## Supplied data:

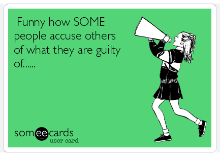 In psychological circles, the tactic is called projection, and it’s used to deflect suspicion, criticism, and accountability. A classic example is when a cheating spouse accuses their committed partner of being unfaithful. Most of us [who are not in fact getting some side action and hoping to continue to get away with it] wouldn’t respond to such an allegation with, “I’m certainly not cheating, but I bet you are!” No, our instinct would be to try to defend ourselves. We’d ask out partner why on earth they would think such a thing and wonder what we’d done to sow a seed of doubt. We’d concentrate on being doting and loving and affectionate and steadfast. If we *did* have some quiet concerns about our partner’s fidelity, we’d promptly sweep them right under the rug. To do anything else would be the picture of paranoia. I mean, what sort of psychopath accuses an innocent someone else of doing precisely what they are doing?
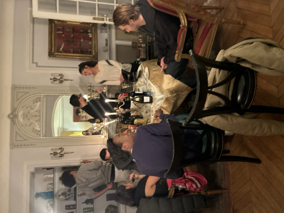 A dinner party is in progress. Several people are gathered around a table laden with food and drink, including wine bottles and candelabras. A person in a black hoodie sits near a gilded chair. A woman in a white sweater is seated to their left. A large mirror reflects the scene, showing more participants. Ornate wall decorations and a cabinet filled with objects add to the ambiance. A wooden floor completes the scene.
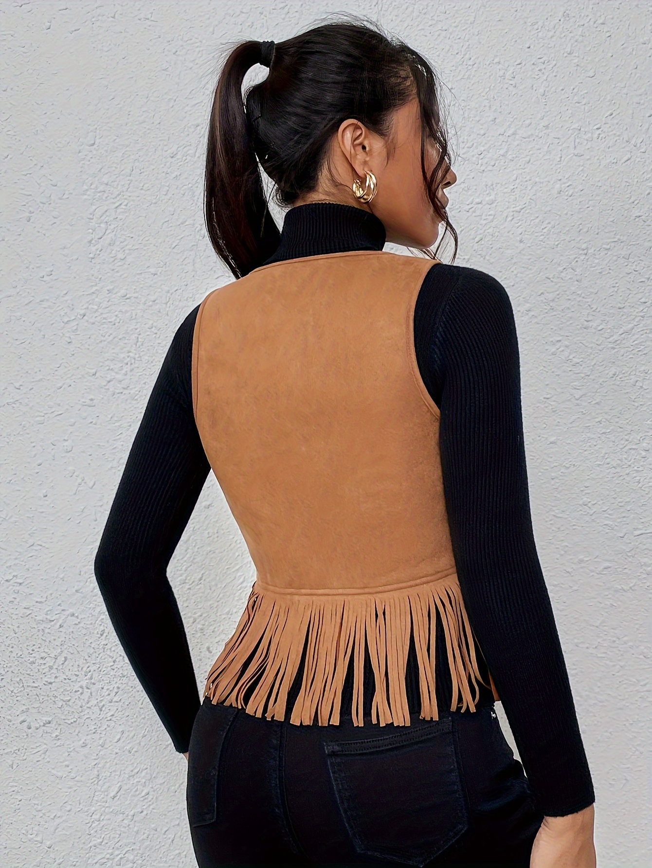 [Elegant Vest] Elegant Tassel Sleeveless Vest Jacket | Women's Medium Stretch Suede-Like Fabric, Adjustable Waist Tie & Fringe Hem, All-Season Versatile Layering Piece for Casual or Formal Outfits, Smooth Texture Finish
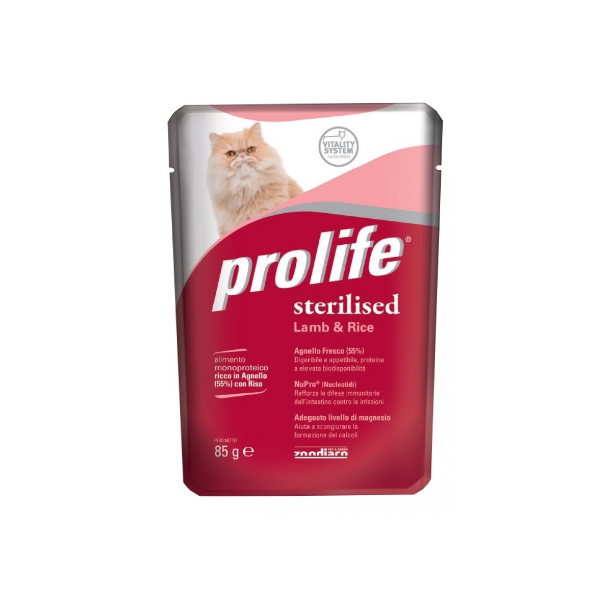 Carne fresca di agnello 55%, Brodo, Riso 5%, Cellulosa 3%, Sostanze minerali, Carbonato di calcio, Prodotto del lievito (NuPro® – elevata concentrazione di Nucleotidi) 0,41%, Olio di semi di girasole, Lievito, Yucca schidigera 0,1%, Bio-Mos® – Mannano-oligo-saccaridi – 0,04%.
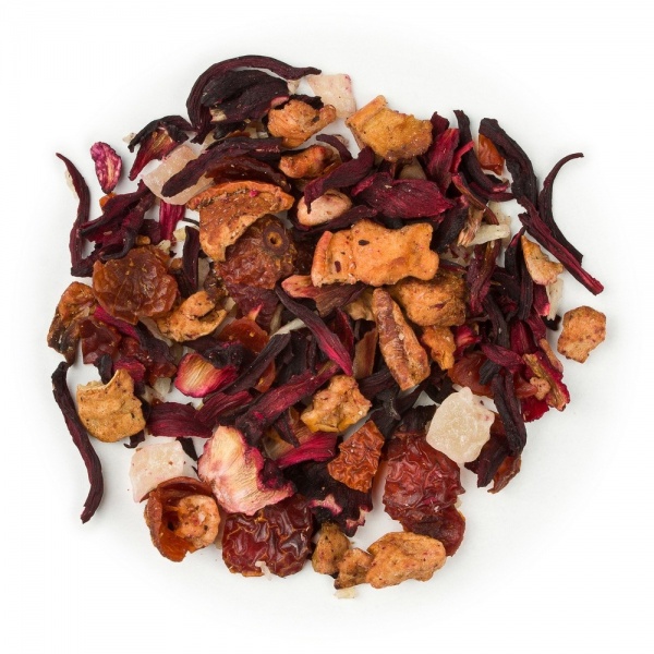 Un amestec sofisticat de hibiscus, mere și fructe exotice, care oferă o infuzie bogată în arome. Culoarea sa roșie intensă atrage privirea și promite o experiență savuroasă. Gustul este dulce-acrișor, ideal pentru a fi savurat rece sau cald. Infuzia este energizantă și plină de vitalitate. Potrivit pentru iubitorii de ceaiuri intense și parfumate.
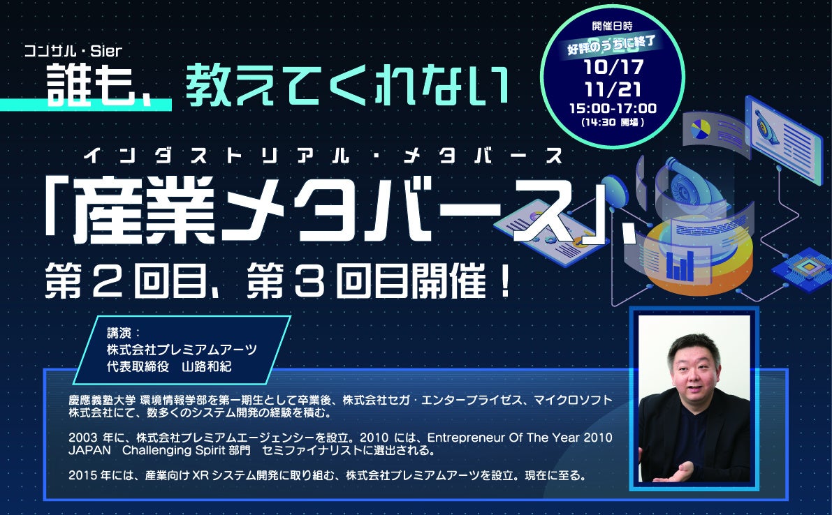 先日開催された第1回では、産業メタバースの概要を徹底的に深堀させていただき、多くの方より高評価をいただきました。続いて第2回を、10月17日(火)に開催させていただきます。
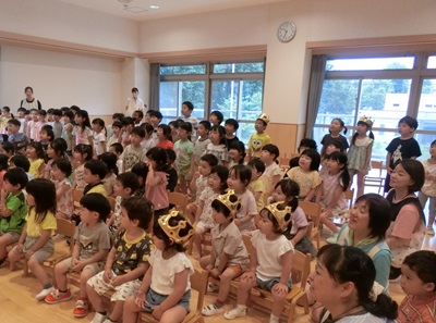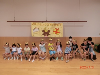 7月3日に7月生まれのお友達の誕生会をしました! たくさんのお友達が大きな声でインタビューをして、お祝いしましたよ☆ カードのプレゼントや歌などもとても喜んでいました♪ 保育士の出し物はマジックショーで、みんなとても集中して見て、大きな歓声があがっていました!
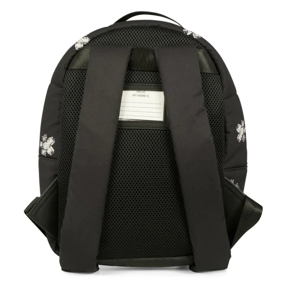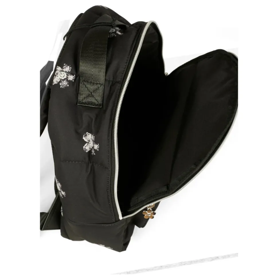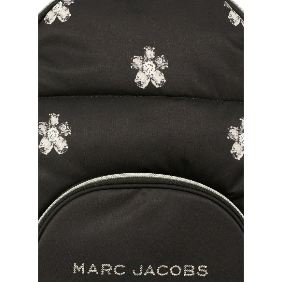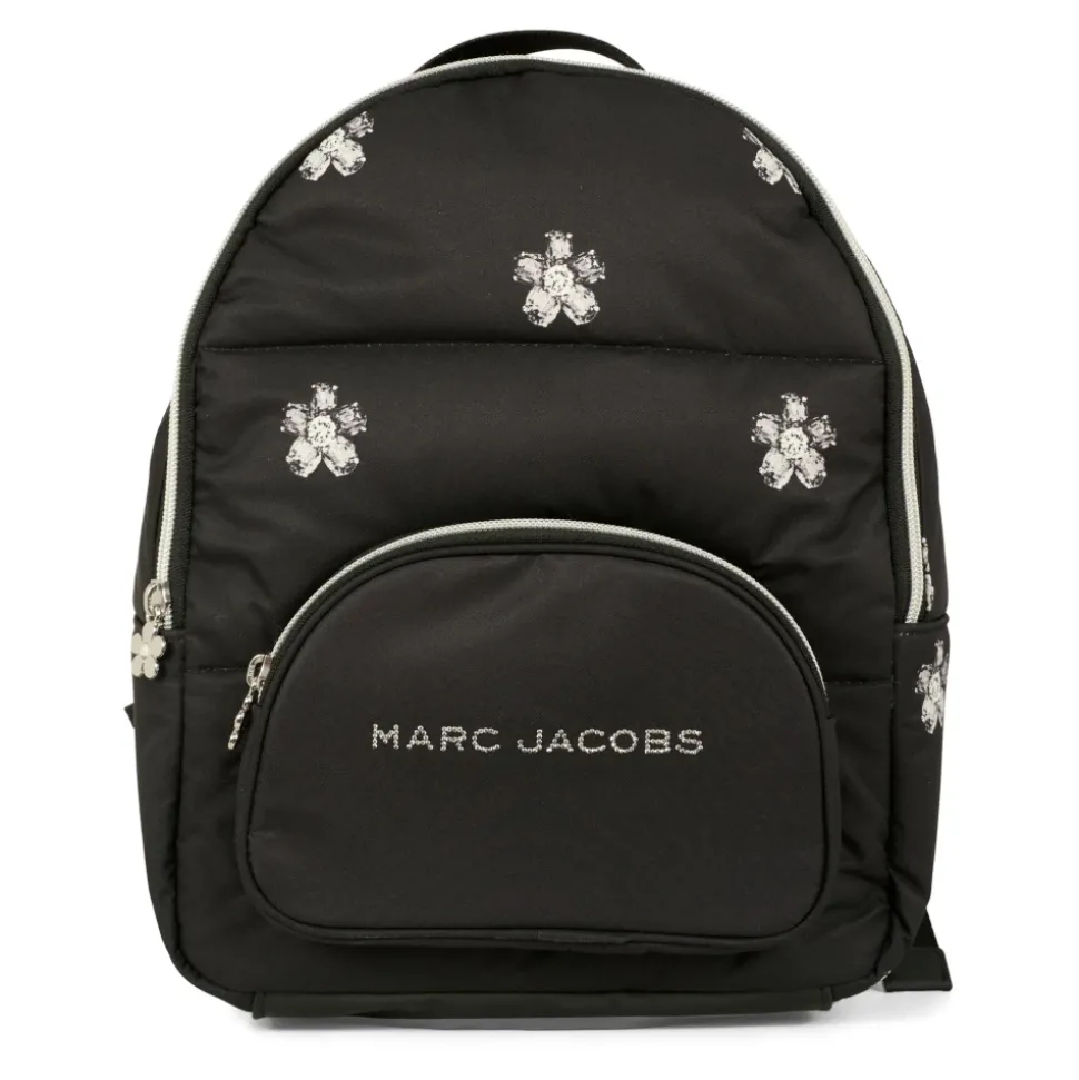 Laat je kleintje opvallen met deze stijlvolle zwarte rugzak van Little Marc Jacobs. Voorzien van een handvat, ritssluiting, voorvak met rits, gewatteerde achterkant, verstelbare schouderbanden en een label op de achterkant. Versierd met een all-over bloemenprint en een strass logo op de voorkant. Afmetingen: 23cm x 32cm x 12cm. Gemaakt van 100% polyester. Machinewasbaar op 30°C.
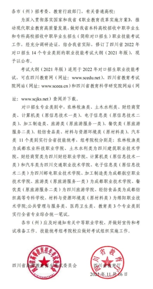關于公布四川省2022年普通高校對口招生職業(yè)技能考試大綱的通知
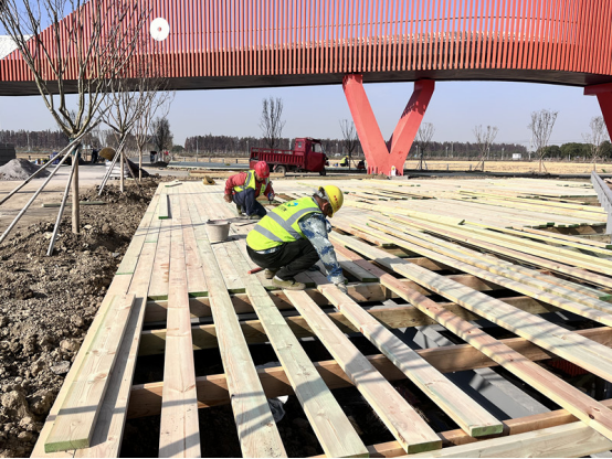 虾谷观景台下,木质栈道沿田蜿蜒,施工人员正细致铺设木板、检查牢固度。“这条栈道既是观景台,更是‘农文旅+虾稻’融合的缩影。”管理区相关负责人介绍,围绕小龙虾主题,这里正打造集生态钓台、休闲栈道、田园科普于一体的体验空间,让“稻花香里说丰年”成为可游可感的实景。
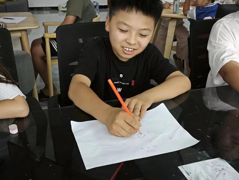 图为孩子认真用笔画小动物 王晓宇 摄

## Required action:
Only the lines from the line with "關于公布四川省2022年普通高校對口招生職業(yè)技能考試大綱的通知" through the end of the records belong in your copy. Repeat them exactly, without pictures.

## Answer for the task:
關于公布四川省2022年普通高校對口招生職業(yè)技能考試大綱的通知
 虾谷观景台下,木质栈道沿田蜿蜒,施工人员正细致铺设木板、检查牢固度。“这条栈道既是观景台,更是‘农文旅+虾稻’融合的缩影。”管理区相关负责人介绍,围绕小龙虾主题,这里正打造集生态钓台、休闲栈道、田园科普于一体的体验空间,让“稻花香里说丰年”成为可游可感的实景。
 图为孩子认真用笔画小动物 王晓宇 摄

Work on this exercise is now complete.